#### WHAT THIS TASK INVOLVES:
Every line of the data below must be output exactly, with images left out.

(DATA begins)

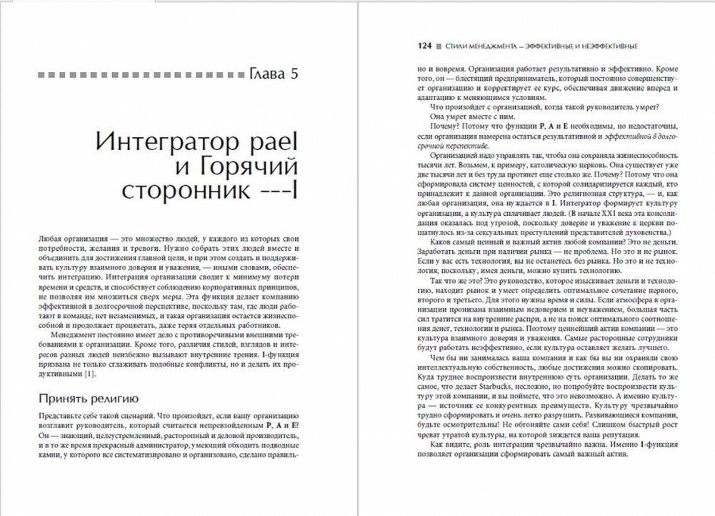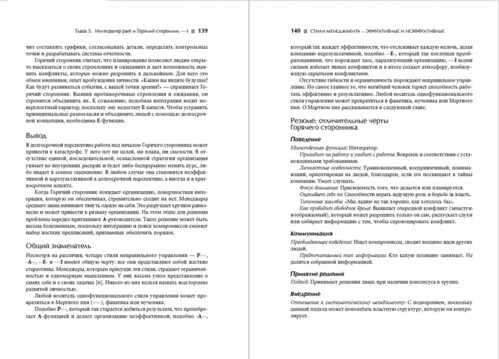 О том, что «идеального руководителя» не существует, потому что один человек просто не способен выполнять одинаково хорошо все четыре роли, необходимые для эффективного руководства организацией: быть и производителем результатов, и администратором, и предпринимателем, и интегратором. Место несуществующего «идеального руководителя» должна занять взаимодополняющая команда менеджеров, каждый член которой умеет выполнять одну из ролей в совершенстве, а остальными владеет на приемлемом уровне. При этом важно, чтобы в команде не было руководителей, которые концентрируются только на одной роли, полностью забывая про остальные. Такие перекосы делают менеджмент неэффективным и ставят под угрозу судьбу организации.
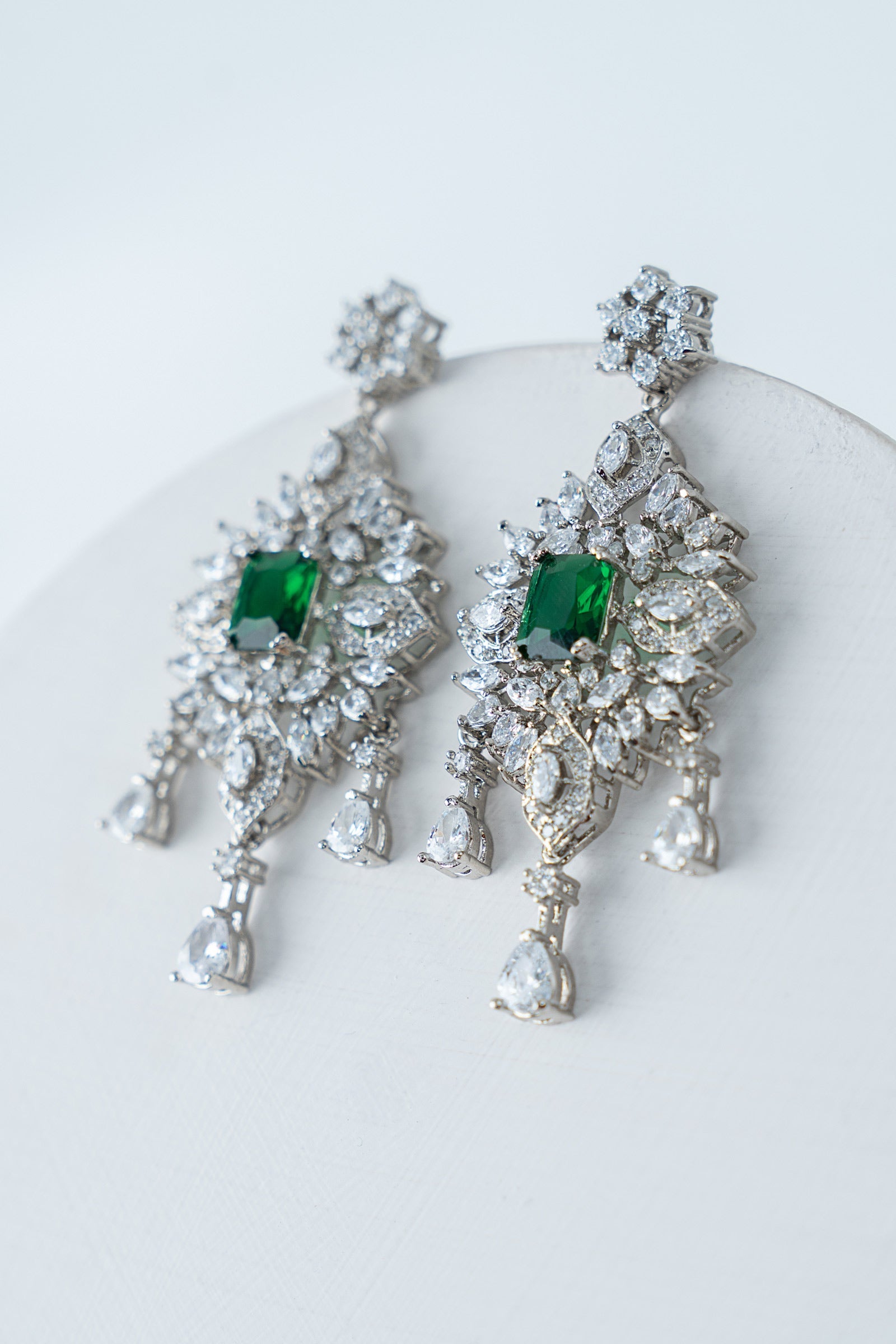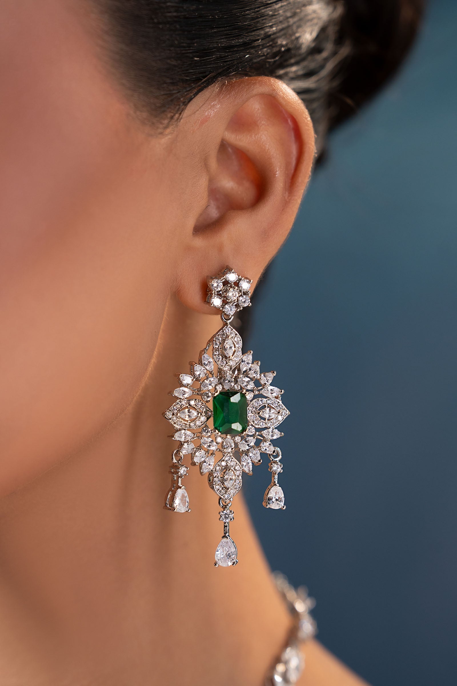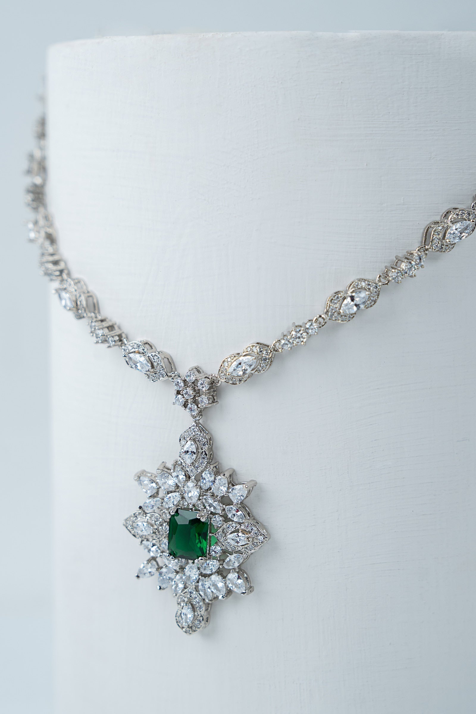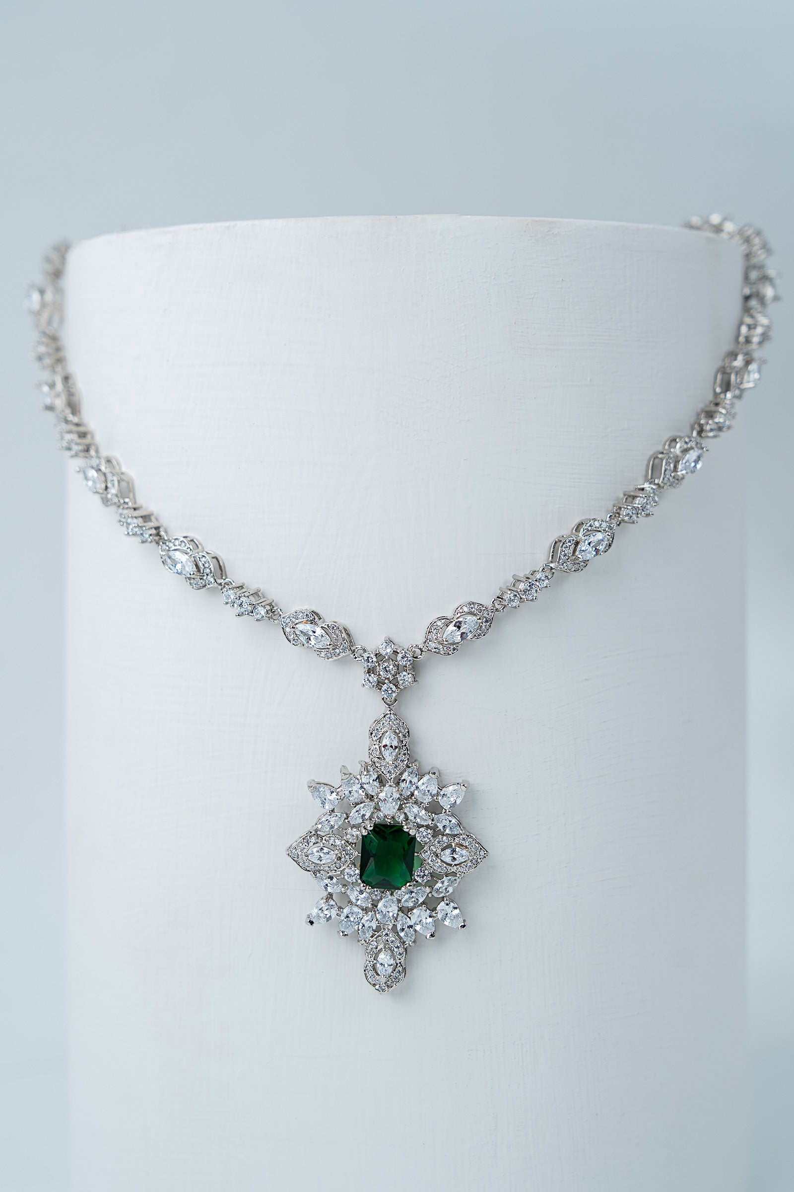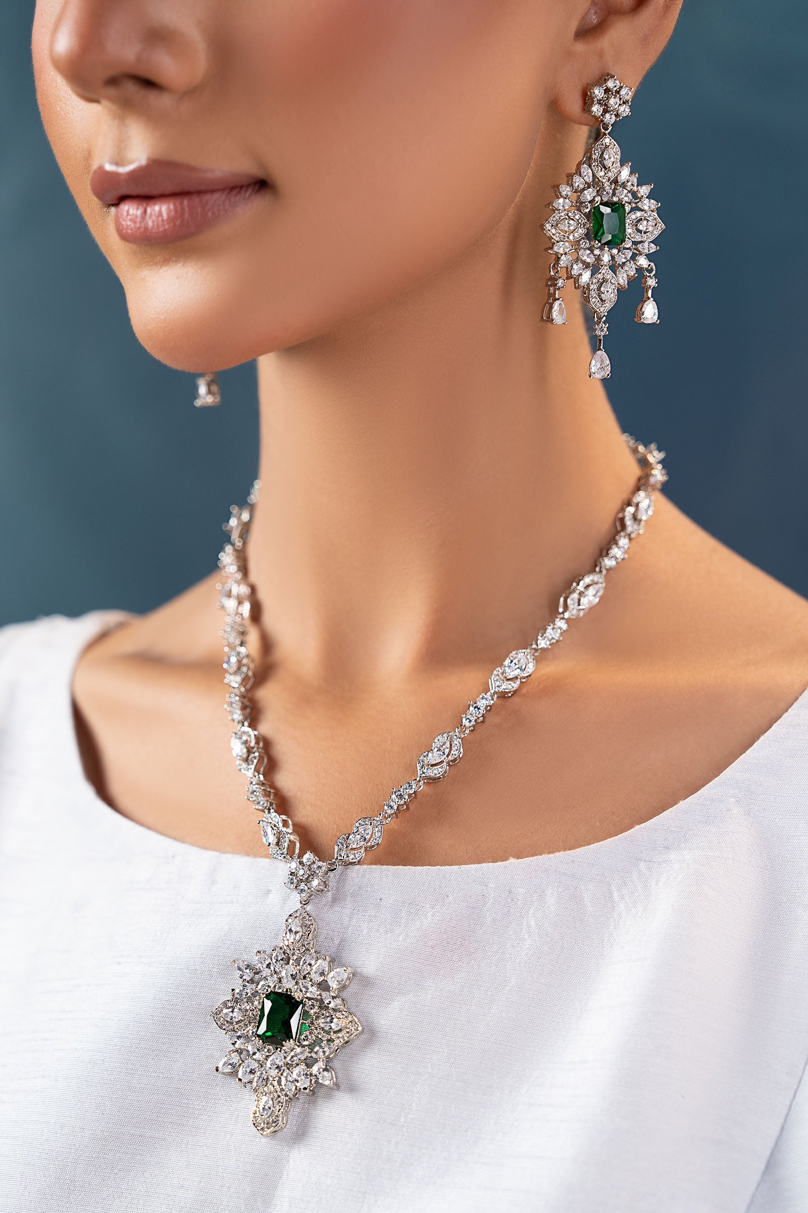This 2Pc necklace and earrings set, which has a stunning combination of sparkling white zircons and deep emerald green, exudes contemporary elegance with a festive vibe. Bold yet elegant, it's made to add a new, fascinating glow to every occasion, fusing tradition with modern charm.
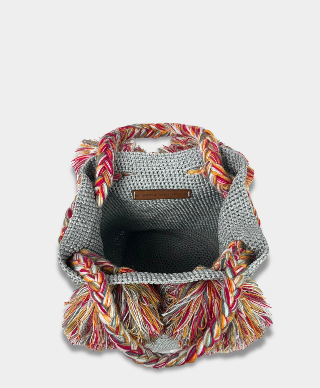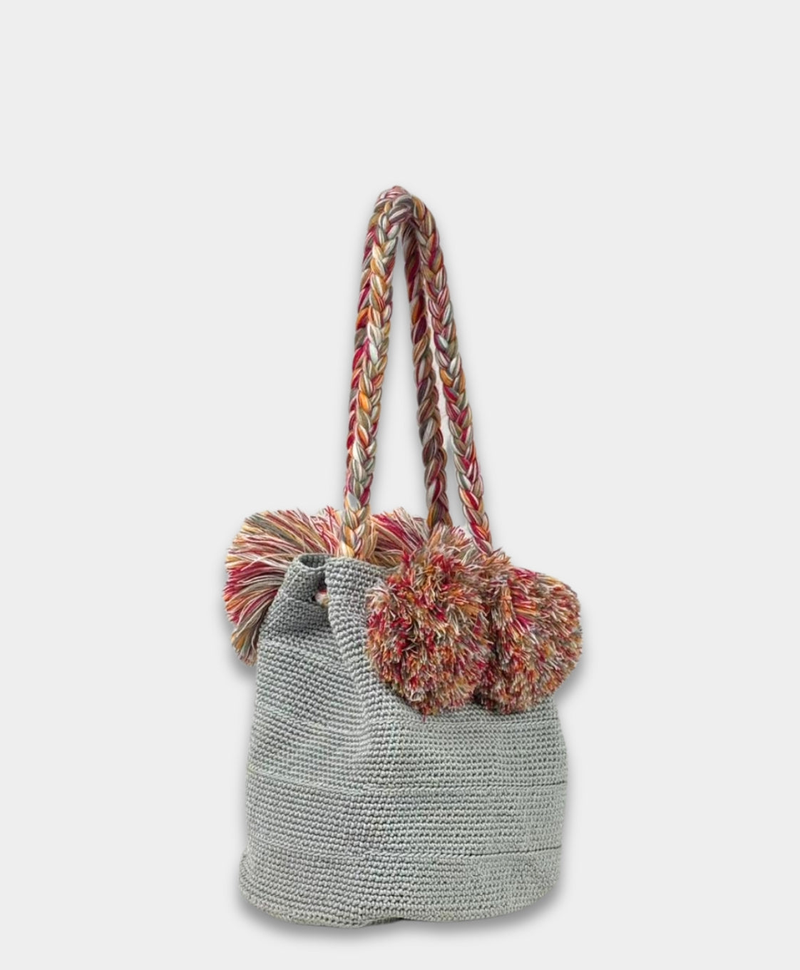 Maria Victoria: Pom Pom Grey Bucket Bag | Handcrafted in Zinacantán

(DATA ends)

#### WRITTEN RESPONSE:
 О том, что «идеального руководителя» не существует, потому что один человек просто не способен выполнять одинаково хорошо все четыре роли, необходимые для эффективного руководства организацией: быть и производителем результатов, и администратором, и предпринимателем, и интегратором. Место несуществующего «идеального руководителя» должна занять взаимодополняющая команда менеджеров, каждый член которой умеет выполнять одну из ролей в совершенстве, а остальными владеет на приемлемом уровне. При этом важно, чтобы в команде не было руководителей, которые концентрируются только на одной роли, полностью забывая про остальные. Такие перекосы делают менеджмент неэффективным и ставят под угрозу судьбу организации.
This 2Pc necklace and earrings set, which has a stunning combination of sparkling white zircons and deep emerald green, exudes contemporary elegance with a festive vibe. Bold yet elegant, it's made to add a new, fascinating glow to every occasion, fusing tradition with modern charm.
 Maria Victoria: Pom Pom Grey Bucket Bag | Handcrafted in Zinacantán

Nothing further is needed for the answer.